[[ RECORDS FOR THIS TASK open ]]

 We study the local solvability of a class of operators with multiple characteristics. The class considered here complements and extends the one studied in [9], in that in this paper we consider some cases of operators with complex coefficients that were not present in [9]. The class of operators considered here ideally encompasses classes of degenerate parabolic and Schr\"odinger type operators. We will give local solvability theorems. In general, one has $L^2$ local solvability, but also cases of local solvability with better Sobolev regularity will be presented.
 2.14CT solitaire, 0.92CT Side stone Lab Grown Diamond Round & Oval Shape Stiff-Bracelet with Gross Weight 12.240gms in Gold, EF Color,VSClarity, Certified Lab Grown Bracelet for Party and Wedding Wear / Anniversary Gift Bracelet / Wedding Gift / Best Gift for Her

[[ RECORDS FOR THIS TASK closed ]]
[[ RECORDS FOR THIS TASK open ]]

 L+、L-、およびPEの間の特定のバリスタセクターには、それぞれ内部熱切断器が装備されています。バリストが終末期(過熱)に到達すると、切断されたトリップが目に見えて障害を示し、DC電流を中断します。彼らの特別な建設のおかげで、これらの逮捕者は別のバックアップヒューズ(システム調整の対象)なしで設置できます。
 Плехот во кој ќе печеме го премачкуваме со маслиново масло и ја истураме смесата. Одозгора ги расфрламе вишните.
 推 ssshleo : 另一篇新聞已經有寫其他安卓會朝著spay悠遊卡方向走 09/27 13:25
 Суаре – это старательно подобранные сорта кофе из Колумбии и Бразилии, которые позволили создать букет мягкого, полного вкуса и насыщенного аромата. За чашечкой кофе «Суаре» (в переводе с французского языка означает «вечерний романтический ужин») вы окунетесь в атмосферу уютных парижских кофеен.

[[ RECORDS FOR THIS TASK closed ]]

TASK STATEMENT:
Copy out, exactly and alone, the lines of the entries above between the ones holding "We study the" and "2.14CT solitaire, 0.92CT", inclusive.

EXERCISE RESULT:
 We study the local solvability of a class of operators with multiple characteristics. The class considered here complements and extends the one studied in [9], in that in this paper we consider some cases of operators with complex coefficients that were not present in [9]. The class of operators considered here ideally encompasses classes of degenerate parabolic and Schr\"odinger type operators. We will give local solvability theorems. In general, one has $L^2$ local solvability, but also cases of local solvability with better Sobolev regularity will be presented.
 2.14CT solitaire, 0.92CT Side stone Lab Grown Diamond Round & Oval Shape Stiff-Bracelet with Gross Weight 12.240gms in Gold, EF Color,VSClarity, Certified Lab Grown Bracelet for Party and Wedding Wear / Anniversary Gift Bracelet / Wedding Gift / Best Gift for Her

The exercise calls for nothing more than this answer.